You do know that you’re allowed to have all the emotions you’re having? It’s alright to be devastated your husband was abused and that he (and you honestly) have to deal with PTSD because of it. Sadness, grief, stress and even anger... Stress from holding it all together, running
the household alone, and protecting the kids from the situation. All your emotions are valid.

Not to mention your husband of twenty years cheated on you. That is devastating.

I’ve also noticed some themes in your posting elsewhere.

The affair he had was a symptom-

f*ck that noise... not a symptom. It was a coping mechanism. PTSD does not cause actions, it causes feelings. He made a choice in how he wanted to deal with that feeling. He’s still responsible for his choices, even with PTSD.

The affair and it’s effect on me has taken a back seat because of the need to stabilize our relationship.

You’re allowed to be hurt and angry. This happened, and you have to process it. You are allowed to be pissed off at him, feel betrayed by him, feel hurt by him.

You don’t have to be a martyr to be a good supporter. Your emotions are just as valid and important as his.
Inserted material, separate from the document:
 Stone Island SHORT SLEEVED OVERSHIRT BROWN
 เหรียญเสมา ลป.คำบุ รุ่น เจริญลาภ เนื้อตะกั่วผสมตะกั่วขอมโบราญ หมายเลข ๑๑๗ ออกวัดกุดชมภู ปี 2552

Yes... if he is imploding he is not going to be able to deal with your emotions, but that doesn’t mean YOU don’t get to deal with your own.

Put your own air mask on before assisting others.
 
Thank you
And you got me to laugh with the air mask metaphor because I picture one dropping down in the shower
My current plan is to back off
I feel everything
It’s trying to navigate those feelings to function
He’s gone, finding himself somewhere again
I don’t want to be a martyr, it seems when I lose my shit it just reaffirms for him that the relationship isn’t going to work.

And that’s not fair
How would you handle the communications/texts that have already started while he’s gone?
I appreciate your advice and support
 
Honestly, when my vet starts in, I just listen. When he’s in a dark place, the more I try to defend myself or “talk sense”, the more it blows up in my face. A lot of times he’s catastrophizing or talking out the shit in his head. I worry when he starts acting.
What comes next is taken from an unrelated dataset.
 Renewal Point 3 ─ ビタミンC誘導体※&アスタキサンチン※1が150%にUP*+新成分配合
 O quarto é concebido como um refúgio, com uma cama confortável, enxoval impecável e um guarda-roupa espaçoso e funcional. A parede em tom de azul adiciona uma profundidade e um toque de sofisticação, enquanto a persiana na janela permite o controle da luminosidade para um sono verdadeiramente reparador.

Honestly I’d just assure him you respect his space and boundaries, and let him know you’re there for him and willing to support him and work on the marriage. No drama, high emotion, or bargaining. Even if he were to leave you immediately there’d be nothing you could say to fix it. It’s nothing you did. It’s his issue and he needs to work on it.

I know it’s hard. You kinda hit a “zen” point though.
 
I know it seems like you should be able to fight and save your husband. Fix him, help him. Fix your marriage. The sad truth is that you are pretty helpless when your partner has a mental illness. He has to do the heavy lifting. You can’t love him better or fix it all by yourself.

It sucks out loud. Being a supporter is pretty f*cking unromantic. It’s possible to make things work though.
 
Honestly, when my vet starts in, I just listen. When he’s in a dark place, the more I try to defend myself or “talk sense”, the more it blows up in my face.

This! Way totally this!

When I am in a dark place it is not possible for me to be rational or think rational or even act rational. If you try to force rational down my throat you will likely see my rage and I will still be unable to understand, grasp, and "get" anything rational at that point.

Just listening is all you can really do. But, it's probably why I hide when in a dark place mentally.